A little shorter than her eyelevel, and with most of its size in its height. She’d be able to carry it under her arm if she was careful. It would fit perfectly with the panels of a greenhouse’s walls, and she could cut the glass she’d already prepared down to size to fit around it. It could go… On the eastern side.

Ghost might like it there, to see the dawn light filter through the gold of the flowerheads. They might even find it funny, if she said that it reminded her of them. The most stubborn, unkillable flowers she’d ever known, that bloomed the brightest when all else lay dying.

Or rather, in spite of it.

“It could’ve been someone’s passion project,” Lemm mused to himself. “Probably not a commission, though there’s no way to really know. Wonder why it’d be here, except that it either had some significance to match the works around it or… It meant enough to someone for them to put it up here anyway.”

Hornet laid her hand where the glass met the window frame, scratching her thumb over the beading in consideration. There was a narrow strip of aged caulk at its edges, sanded neatly down and nearly unseeable beneath the elytron-shiny framing that the soft, rotten fabric covering the walls ended at. Still solid under its iron framework, and weathered into place by years and the swell of water into the seam.

Doable.

Hornet dug her claws as far beneath the window moulding as she could, the caulk just soft enough to force the points deep enough to gain a good handhold, and yanked.

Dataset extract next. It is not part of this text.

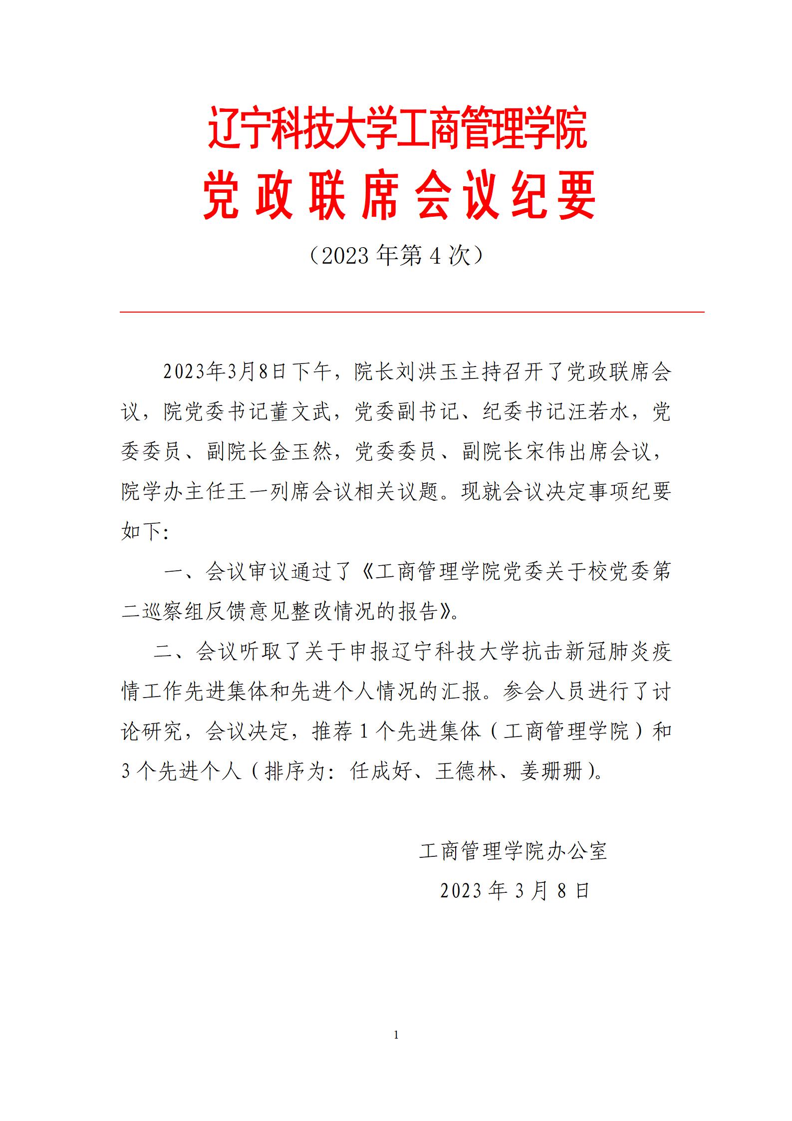 乐竞·体育(中国)官方网站工商管理学院党政联席会议纪要(2023年第4次)

A whole section of the window beading came loose under her hands with an almighty, splintering crack, and Lemm yelped in surprise as Hornet tossed it aside and reached for the next.

“What the hell are you doing?” He swore at her as soon as he’d recovered.

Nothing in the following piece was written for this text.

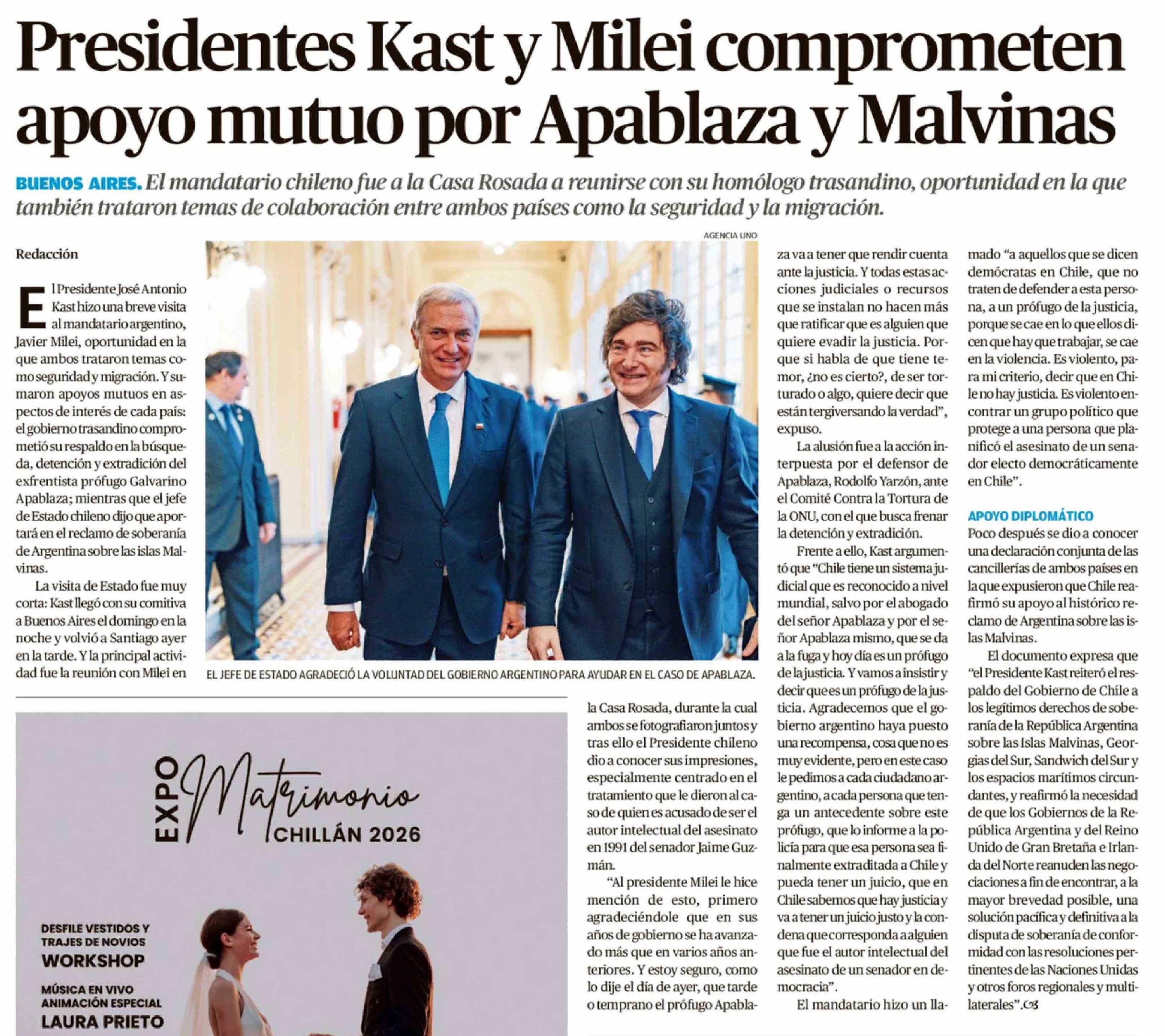 | Título: | Presidentes Kast y Milei comprometen apoyo mutuo por Apablaza y Malvinas |

Hornet spared an annoyed glance over her shoulder at him, and tore free another piece of framing. “What does it look like.”

“You’re- that’s- that is centuries old! You can’t take this one, I’ve no idea why it’s here! It could be work from an entirely separate period as the rest, all we know is that it doesn’t match – stylistically or subject-wise – with anything I’ve seen so far! This could be anything, and you’re tearing it out of the wall!” Lemm said, nearly apoplectic.

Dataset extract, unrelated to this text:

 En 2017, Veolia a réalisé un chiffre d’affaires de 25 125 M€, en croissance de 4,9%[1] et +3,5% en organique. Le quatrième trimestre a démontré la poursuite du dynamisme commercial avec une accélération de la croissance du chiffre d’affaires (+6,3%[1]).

“And you will live without knowing. You’ve already agreed to this, and you needn’t help. Only, stay out of my way.” Hornet advised. “I’m unsure of the stability of the moulding. In fact,” she considered, and knocked lightly at the barrier where she’d already torn away the paneling and fabric while he’d rambled, the wall beneath bare and crept over with a layer of dark, glistening mold.

The sound came back light, almost hollow. Just a layer of thin shellwood, and behind it the sealant and the mortared outer shell, then. No supporting beams or iron. Good.

Hornet grabbed her needle and eyed the spot she’d cleared thoughtfully. And then, ignoring Lemm’s confused questions and then alarmed protests and then frantic pleading, raised her arm like she was preparing to throw a spear and, with a huff of effort, drove the point of her blade into the thinnest part of the wall with all her might, just a foot or so to the side of the window.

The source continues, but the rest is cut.